That finding directly contradicted predictions and estimates from Sen. Jeff Sessions (R-Ala.) and other critics of the bill who said it would add red ink to the budget as more immigrants are granted access to entitlements. 

Supporters of the Senate bill hailed the CBO numbers, which they said would boost the bill ahead of an expected Senate vote next week. 

“This report is a huge momentum boost for immigration reform,” said Sen. Charles Schumer (D-N.Y.), a member of the Gang of Eight that crafted the bill. 

“This debunks the idea that immigration reform is anything other than a boon to our economy, and robs the bill’s opponents of one of their last remaining arguments,” he said. 

Sen. Marco Rubio (Fla.), the key Republican sponsor, said the CBO “has further confirmed what most conservative economists have found: reforming our immigration system is a net benefit for our economy, American workers and taxpayers.” 

While Rubio said the measure should still be “tightened” to prevent those who have broken immigration laws from accessing federal benefits, “the CBO report offers encouraging evidence that the status quo is unacceptable and we can end it without burdening our already burdened taxpayers and, in fact, reduce the deficit over the next 20 years.” 

The White House said the score offered “more proof” that the bill would be good for economic growth and deficit reduction. 

The budget office used a form of dynamic scoring to judge the immigration bill, something the office generally declines to do. 

The office said it and the Joint Committee on Taxation chose to use dynamic scoring in this case because of the unusual nature of the immigration bill, which would significantly increase the size of the U.S. labor force. 

The use of dynamic scoring allows the CBO to assume there would be 6 million more workers in 2023 and 9 million more in 2033. These additional workers would increase Social Security payroll taxes paid to the government by $214 billion, and other tax revenue by $245 billion.

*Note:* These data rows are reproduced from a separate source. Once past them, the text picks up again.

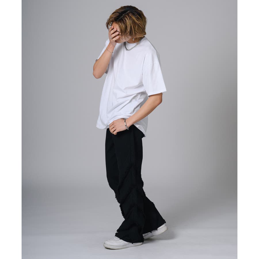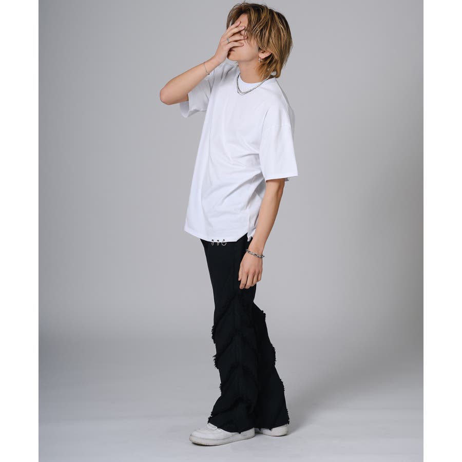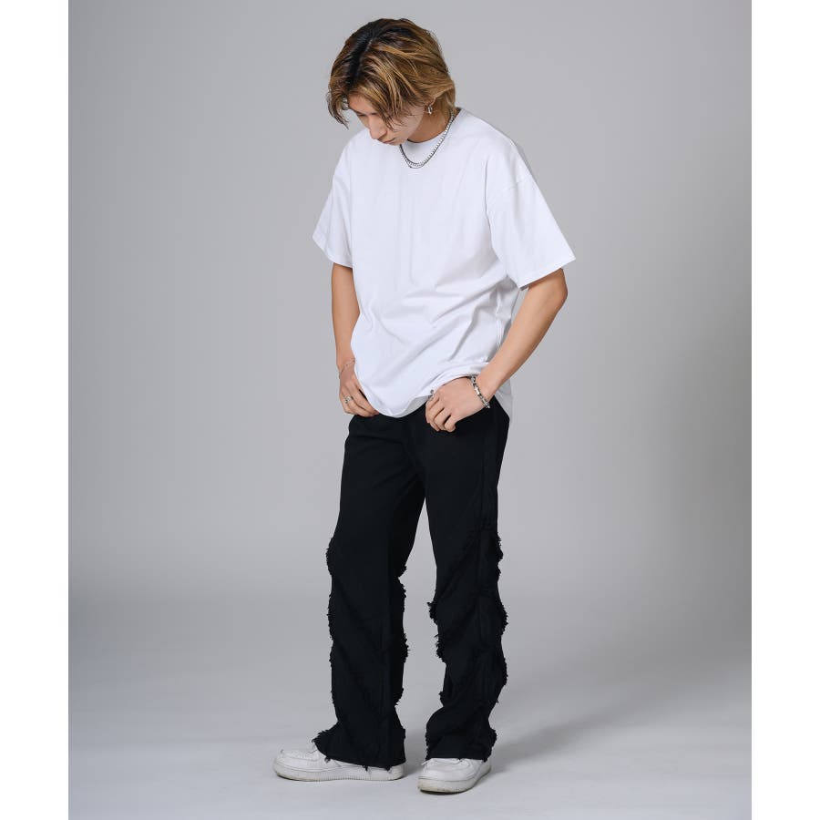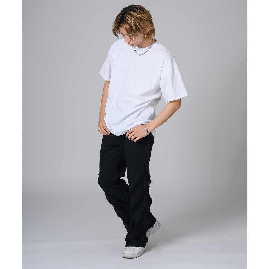 シンプルにTシャツに合わせるだけでもパンツの存在感がコーデを引き立てます。又ダメージ加工のあるTシャツやニットと合わせるとグランジ感が高めることができます。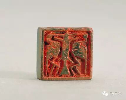 舞樂雜技圖案銅印,西漢,印面1.4×1.4cm,通高1.3cm印銅鑄,鼻鈕。印面凹鑄圖案,4人各據一角,右上角之人邊歌邊舞,右下角之人跪坐吹奏似竽的樂器,左上角之人彈奏橫於座前的瑟,左下角之人似在表演拋戲雜技。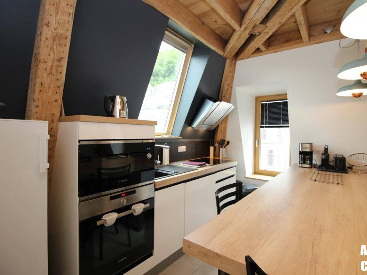 – une cuisine bénéficiant d’une vue sur les montagnes, avec électroménager de qualité (four micro-onde, four, plaques de cuisson, réfrigérateur, congélateur, lave-vaisselle, cafetière, bouilloire, grille-pain, appareil à raclette, à fondue, robot multifonction…) – une chambre avec literie en 140, grande penderie.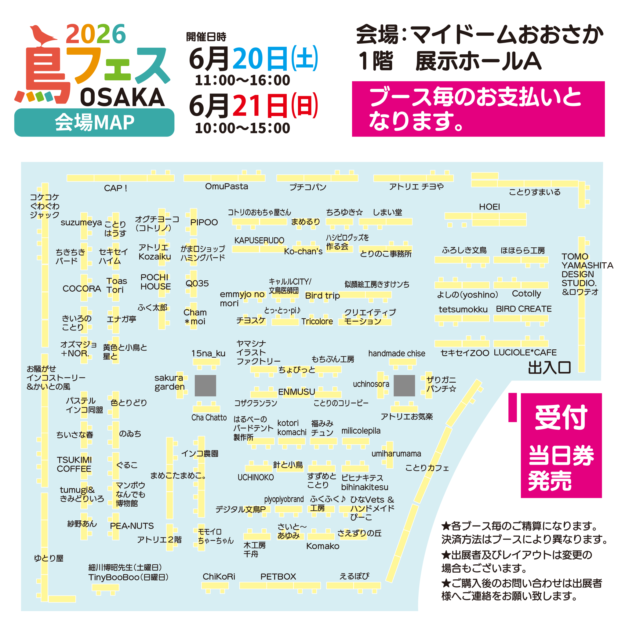 鳥フェス会場はブースごとのお会計となります。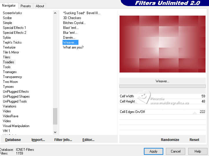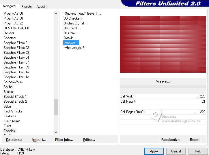 Effets>Modules Externes>Filters Unlimited 2.0 - Toadies - Weaver.
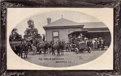 | Keywords: e fysh efysh automobile car buggy horse healesville victoria australia vintage locomotion transport train railway station railwaystation photo border text Four modes of locomotion, Healesville, Victoria - early 1900s Explore Aussie~mobs' 9124 photos on Flickr! |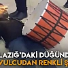 Elazığ'da sıra dışı şovuyla dikkat çeken davulcu, enerjik performansı ve renkli görüntüleriyle düğün davetlilerine unutulmaz anlar yaşattı.

The budget office assumes the immigrant population would generally work more than average adults.

Using the dynamic scoring, the CBO sees the bill increasing economic growth by 3.3 percent in 2023 and by 5.4 percent in 2033. But it finds that average wages would decrease slightly, by 0.1 percent, in 2023 because new workers would receive lower pay than current workers, but wages increase after that. Due to higher growth, interest rates would be expected to rise.

The CBO dynamically scores the president’s budget every year and used the scoring method when the Senate considered immigration legislation in 2006. 

It has resisted doing so for other bills despite conservative pressure to apply such scoring to bills that cut taxes. The CBO has argued that dynamic scoring does not usually have much of an impact and that it is not feasible for its staff to complete the analysis.

The budget office estimated the bill will lead to 10.4 million residents in the U.S over the next 10 years. It said 8 million unauthorized workers would be legalized under the measure, and that over 20 years, there would be 16 million more people in the U.S. if the bill passes.

It said the bill requires new appropriations of $22 billion over 10 years to implement policies like enhanced border security. If Congress lifts current budget caps to implement the bill, the net deficit reduction is $175 billion over 10 years, it said. 

The biggest increase in spending over the first 10 years comes from refundable tax credits like the earned income tax credit. These cost a total $126.8 billion. Health insurance subsidies will cost $82.3 billion. While most illegal immigrants would not be able to get health benefits for the first decade, some immigrants brought to the U.S. illegally as children — known as “Dreamers” — would get benefits.

The CBO normally uses a conventional 10-year budget window; this has been a sore point for opponents of the Senate bill who had called for a longer-range estimate. 

Sessions on Tuesday released a detailed rebuttal to CBO. He said that the longer 40-year window he originally asked for would have revealed higher costs. 

He also said the bill does not show costs to state and local governments, incorporates flawed assumptions about immigrant employability and of the costs of ObamaCare and leaves out reduced wages for current American citizens. 

“This bill guarantees three things: amnesty, increased welfare costs and lower wages for the U.S. workforce. It would be the biggest setback for poor and middle-class Americans of any legislation Congress has considered in decades,” he said.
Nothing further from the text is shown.